De vuelta al cementerio había que elegir el sitio para jugar a las cartas y el mejor era el que estaba cerca del río junto a las piedras. Allí no iban las mujeres lo que según Damián Albolote tenía sus ventajas, las mujeres sirven para lo que usted se puede imaginar, para el trabajo sólo algo y para el juego de cartas nada. ¿Había visto Ventura Méndez alguna vez a alguna mujer jugando bien a las cartas? Por ese lado constituían un estorbo y una regla general, lo que no impedía que hubiese excepciones. ¡Ahora, vamos a ver, qué pasa aquí! Sacaba el manojo de cartas y barajaba; servía la mitad a Ventura Méndez y se quedaba con el resto; cuando echaba una carta sobre la piedra, que hacía de mesa, mojaba antes la punta de los dedos llevándolos a la boca, comentaba la jugada, decía no me vaya a joder usted y colocaba las cartas en su lugar, explicando que, aunque no era corto de luces, necesitaba tiempo para pensar, lo que tampoco era pedir demasiado si se miraba bien.
—Le toca a un servidor.
A Ventura Méndez le daba tiempo entonces para mirar alrededor. El sol parecía llenar de manchas de luz las manos de Damián Albolote que se paseaban sobre los naipes dudando cuál iba a jugar.
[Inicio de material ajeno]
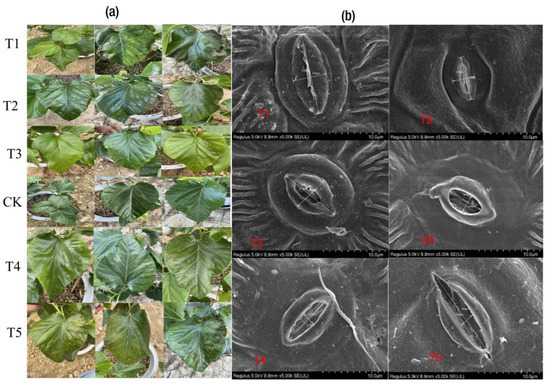 As depicted in Figure 3a, irrespective of the Mg treatment, the Mg supply did not affect the Chl a concentration significantly. However, the reverse was observed for Chl b and Chl a+b (Figure 3b,c). Compared with CK, T1 and T5 decreased remarkably in terms of Chl b, resulting in the leaves showing symptoms of chlorosis and necrotic spots, as observed in T1 and T5 (Figure 4a; T1–T5). When comparing the leaves’ symptoms, however, the plants receiving low supplies of Mg (T2 and T3) showed some signs of leaf chlorosis, but the symptoms were not prevalent, as observed in cases of Mg deficiency and toxicity. In the plants receiving an optimum Mg supply (CK,) the mulberry leaves showed normal growth without any symptoms on the leaves. The summation of Chl a and b (Chl a+b) only demonstrated significant variation when CK was compared with T5, indicating that Mg supplied in excess (toxicity) affected the chlorophyll or leaf pigment when compared to Mg deficiency (T1) (Figure 3c). However, Chl a/b demonstrated a significant increase for all levels of Mg (T1, T2, T4 and T5) except CK, which exhibited the lowest level in this regard (Figure 3d). Interestingly, remarkable correlations were observed between chlorophyll contents, biomass accumulation and gas exchange traits (Figure 1e). For instance, Chl a, b and a+b correlated positively with Ci (r = 0.17, 0.25, 0.20), Tr (r = 0.47, 0.56, 0.50), Gs (r = 0.45, 0.55, 0.48), Pn (r = 0.51, 0.57, 0.53) and biomass (i.e., fresh and dry weights) (r = 0.57, 0.60, 0.59), respectively. However, the ratio of Chl a/b correlated negatively with all physiological parameters (Figure 1e). A field emission scanning electron microscopy analysis was carried out on the mulberry plants leaves to observe their stomatal apertures (Figure 4b). In the CK samples, the mulberry plants’ stomatal apertures opened widely (Figure 4b). We observed that in the Mg deficiency group, the stomatal apertures completely closed as seen in T1 (Figure 4b). However, when the Mg concentration increased gradually from deficiency, the stomatal apertures opened, although the sizes were decreased (T2 and T3). At high Mg concentrations, we observed that the stomatal aperture opened, and the stomatal size was increased in T5 compared to T4 (Figure 4b).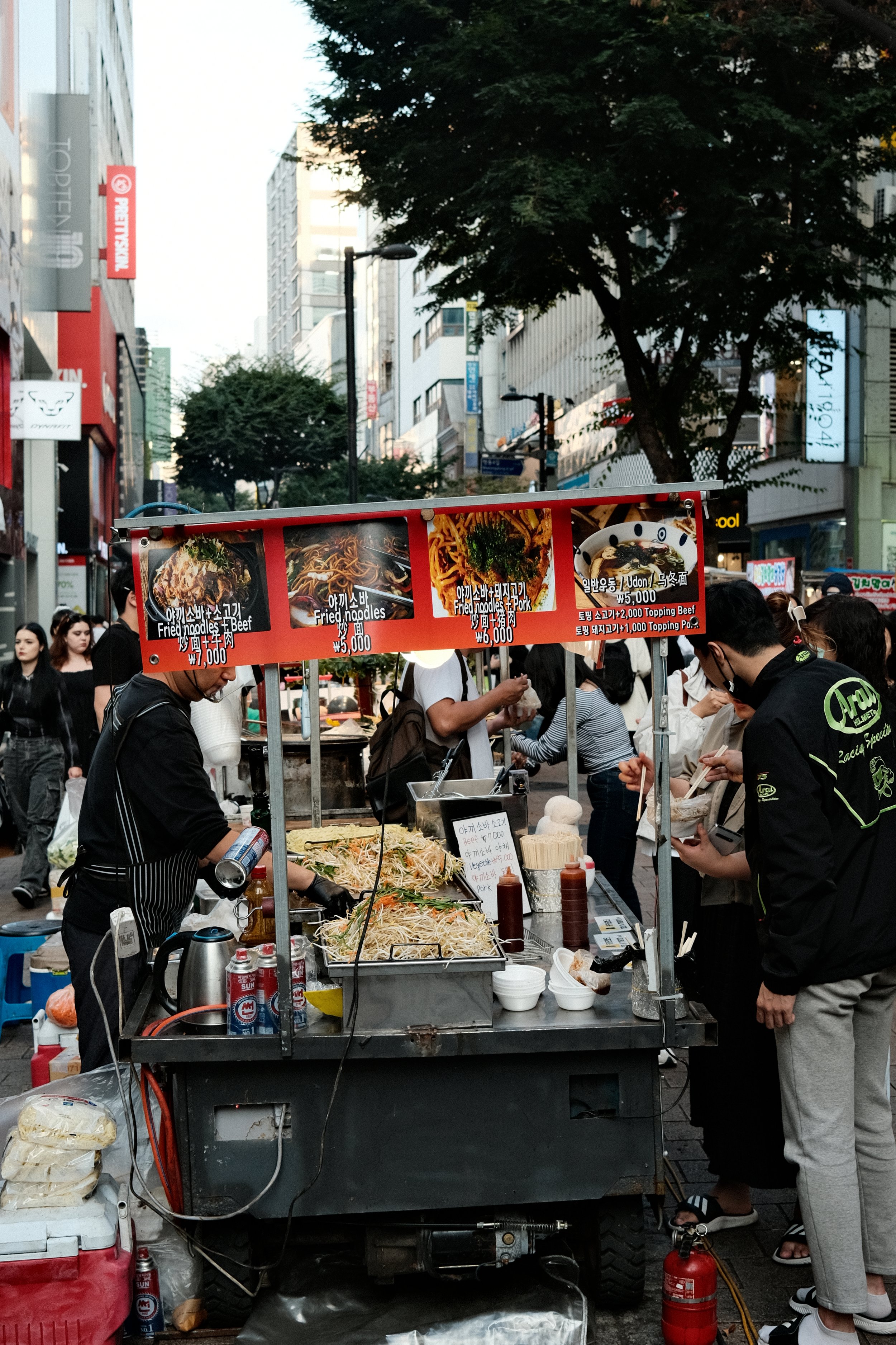Myeongdong Street Market is a hot tourist destination with a variety of food options.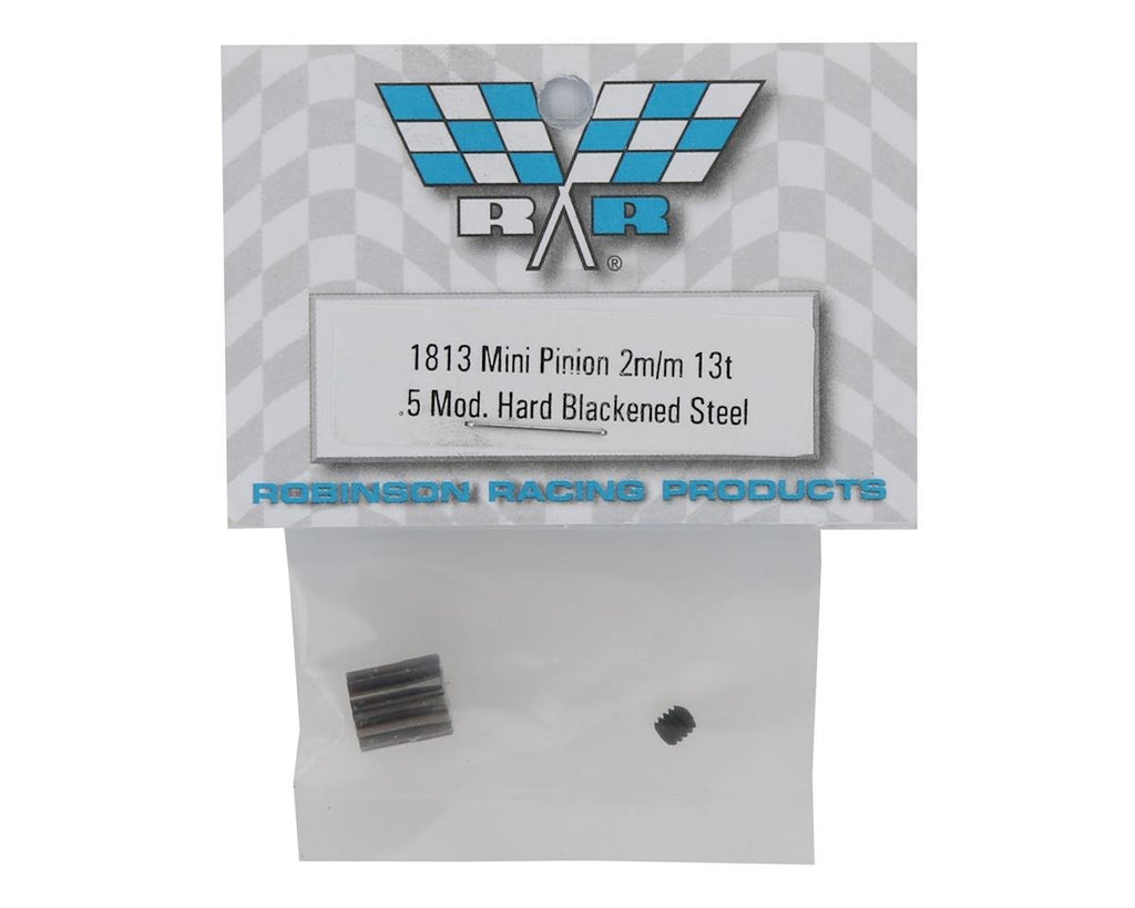 This is a Robinson Racing Mini 8IGHT Hard Steel .5 Mod Mini Pinion with a 2mm Bore. Compatible with 2mm motor shaft, .5 Mod applications, these hardened steel motor pinions are precision machined and stamped with the number of teeth. One 5-40 set screw included. Use the pull down menu above to select the tooth count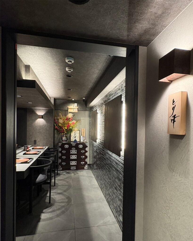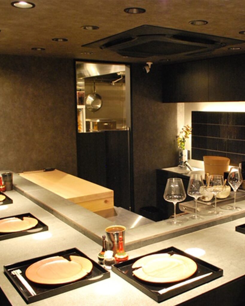 黒とグレーを基調にしたシックな店内には、7席のみのL字カウンターが設えられ、まさに“大人の隠れ家”と呼ぶにふさわしい特別感を放っている。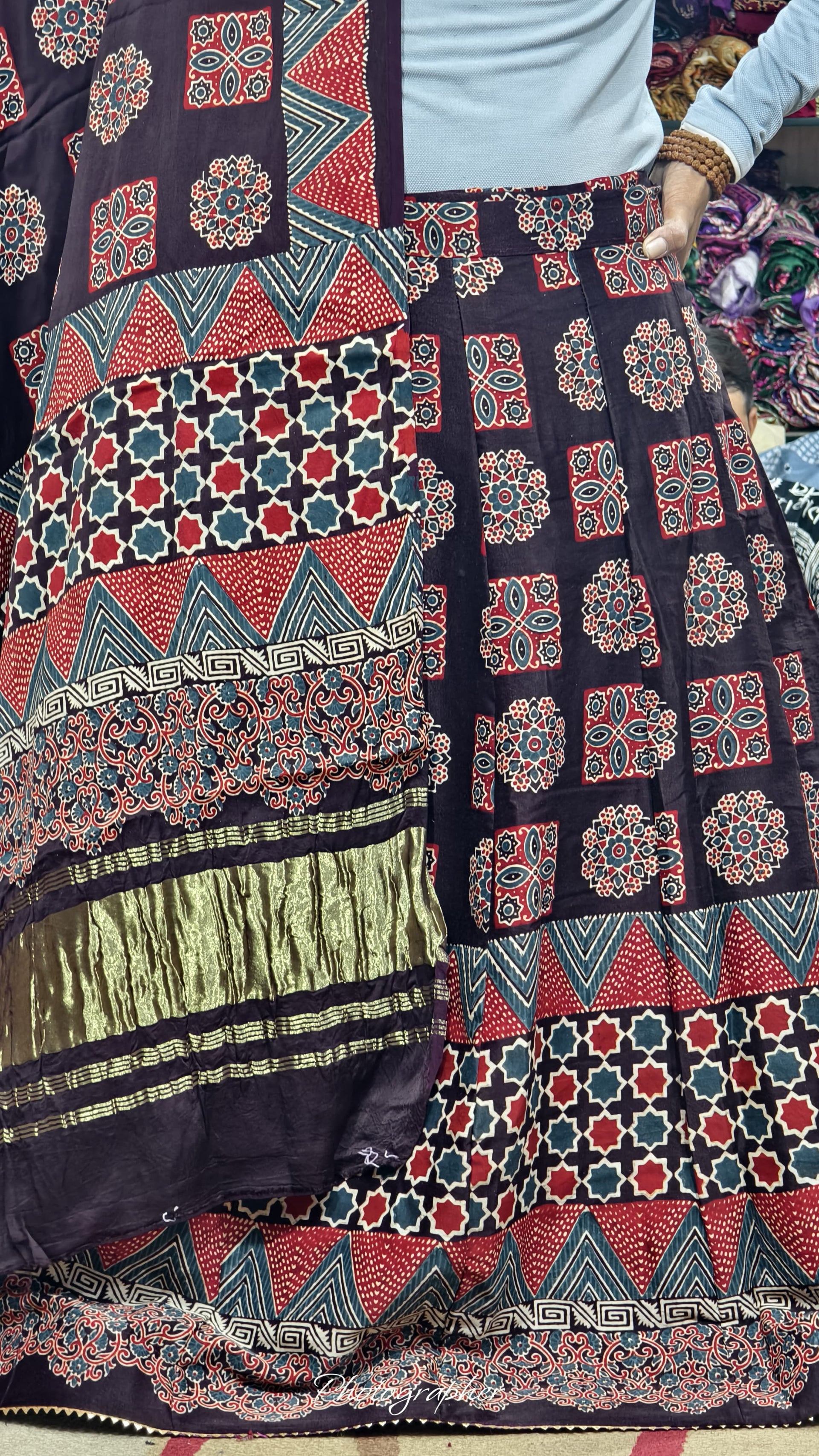 Pure Gaji Silk Hand Bandej Dupatta with Lagdi Patta & Gota Patti Hand Work

—Oiga, ¿echa la carta o no?
—Tenga paciencia el señor que yo no tengo estudios.
—Pero no vamos a estar aquí toda la mañana Damián, ¿echa la carta?
—¿Y qué va a hacer usted?, ¿se le ocurre algo?, cuando se le ocurra me lo cuenta. Hay que aprender a vivir sin prisas, con el mayor regostamiento posible y sacando todo el partido a las cosas.
—¿Pero echa la carta?
—Sí hombre allá va y para que vea es triunfo, y no me venga con impaciencias, fíjese el sol que hace y la airera, mírelo bien y dígame a qué vienen las prisas y si es que se va a poner a trabajar ahora.
Las nubes flotaban sobre Peña Blanca y Gabardito, y la mancha de pinares se extendía por todos lados guardando entre los troncos grises ese mundo vegetal que luchaba por eternizarse por alcanzar la luz y que también rezaba ascendiendo.